If glibc is upgraded while vsftpd is running, and vsftpd isn't restarted (even if it's upgraded its %post scriptlet doesn't do that), then pam_ldap tries to link to librt. This fails since the in-process version of libpthread doesn't have the symbol librt requires; it was added in the newer glibc.

I think this bug could potentially break a lot of long-running software that periodically dlopen's libraries.

Comment 4 Michal Marciniszyn 2016-02-22 12:27:00 UTC
We found our problem to be very similar - pam.d + new glibc integration. After further digging in, we found that machine reboot would just fix the issue (which was not done by our QA guys after update and we got report from them of not starting the processes). It is fine by us to close the bug as it can be mitigated by machine/service restart that is anyway desired.

Comment 5 Carlos O'Donell 2016-02-22 14:27:49 UTC
(In reply to Michael Chapman from comment #3)
> I hit this error message with vsftpd and pam_ldap.
> 
> vsftpd links to libpthread (indirectly via libssl and libcom_err). pam_ldap
> uses librt (indirectly via libnspr4), which then links to libpthread.
> 
> If glibc is upgraded while vsftpd is running, and vsftpd isn't restarted
> (even if it's upgraded its %post scriptlet doesn't do that), then pam_ldap
> tries to link to librt. This fails since the in-process version of
> libpthread doesn't have the symbol librt requires; it was added in the newer
> glibc.
> 
> I think this bug could potentially break a lot of long-running software that
> periodically dlopen's libraries.

You must restart all services that are using the old libraries after the upgrade.

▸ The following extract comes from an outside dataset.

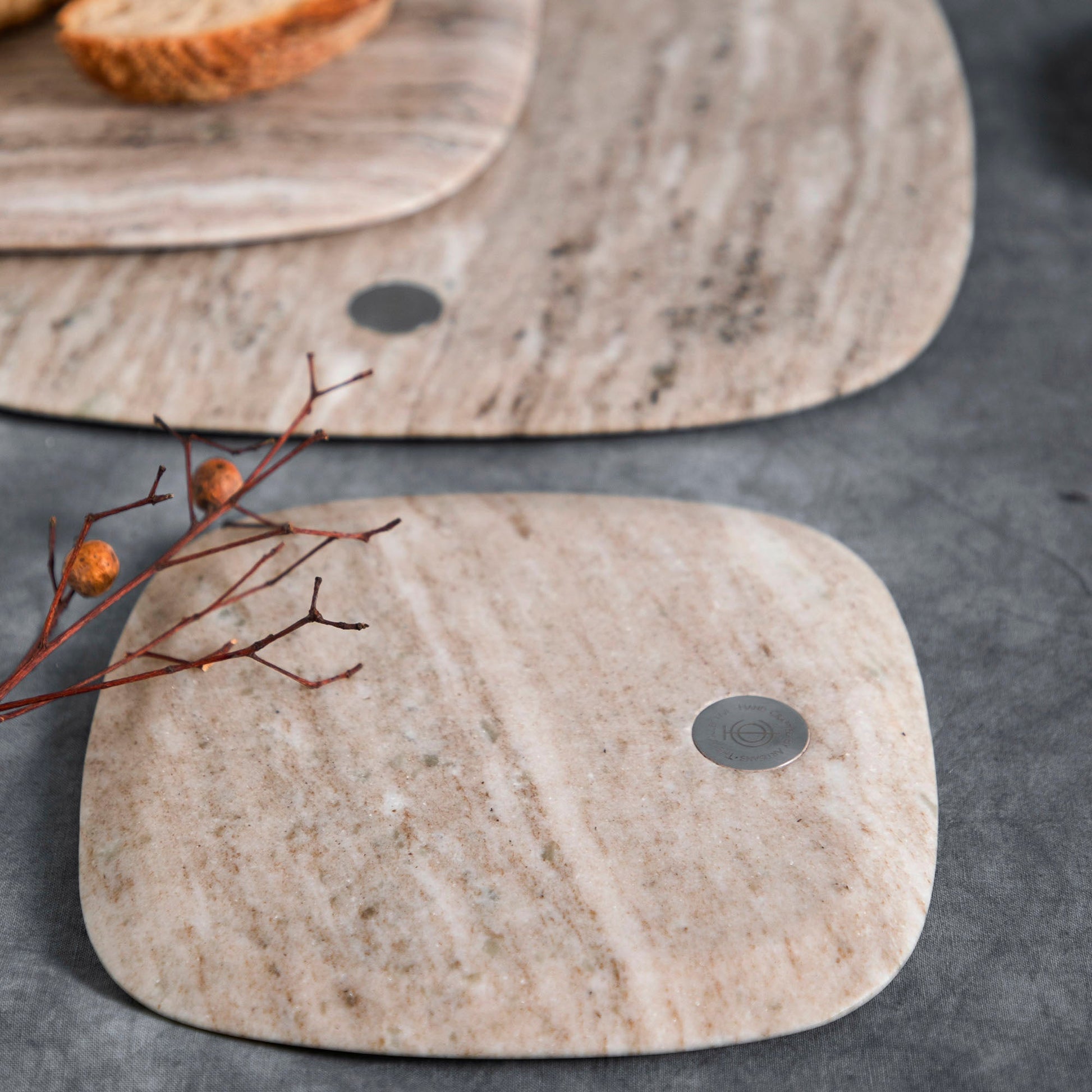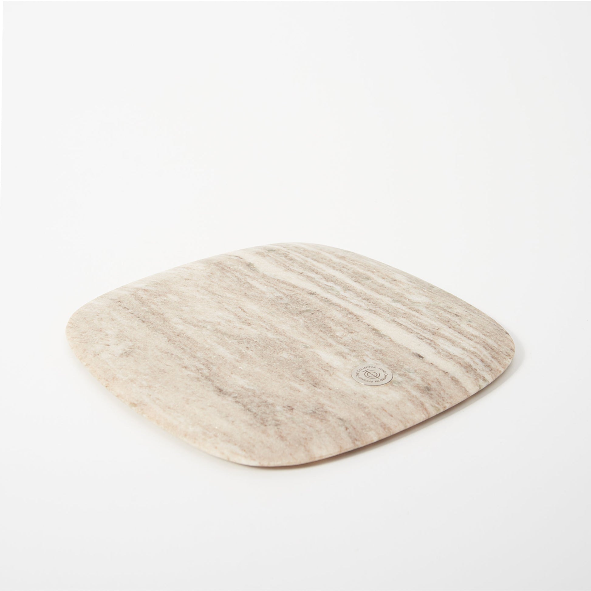 Skilled artisans craft each marble board by hand, shaping it with beveled edges and a smooth top and adding our logo medallion as a finishing touch. The natural material displays thin bands of gray and white within, guaranteeing no two boards look exactly alike. This softly rounded serving piece is roomy enough to fit a cheese assortment and rows of artisanal crackers along with serving utensils.

There is simply no way around this issue. This problem would have been seen at some point in the future. Processes that occasionally dlopen libraries will suffer from being unable to load the library at some point in the future and must handle that situation gracefully. It is simply a part of designing robust long-running applications for Linux.

What we could do better is perhaps provide a dnf or yum plugin which warns you that there are processes still running with the old libraries (this is relatively easy to detect e.g. /proc/$PID/map_files/*).

Comment 6 Carlos O'Donell 2016-02-22 16:12:46 UTC
(In reply to Michal Marciniszyn from comment #4)
> We found our problem to be very similar - pam.d + new glibc integration.
> After further digging in, we found that machine reboot would just fix the
> issue (which was not done by our QA guys after update and we got report from
> them of not starting the processes). It is fine by us to close the bug as it
> can be mitigated by machine/service restart that is anyway desired.

A machine restart is not required, but the errata does recommend it. It is always suggested that you restart all impacted processes when you upgrade a dependent library.

I am closing this issue as closed/notabug.

Filed this bug for dnf core plugins:
https://bugzilla.redhat.com/show_bug.cgi?id=1310780

Comment 7 Michael Chapman 2016-02-23 01:57:48 UTC
(In reply to Carlos O'Donell from comment #6)
> I am closing this issue as closed/notabug.

That's reasonable. However, I would suggest that future errata should recommend a reboot a *little* more strongly than just with a "reboot_suggested" keyword at the bottom. That's very easily missed.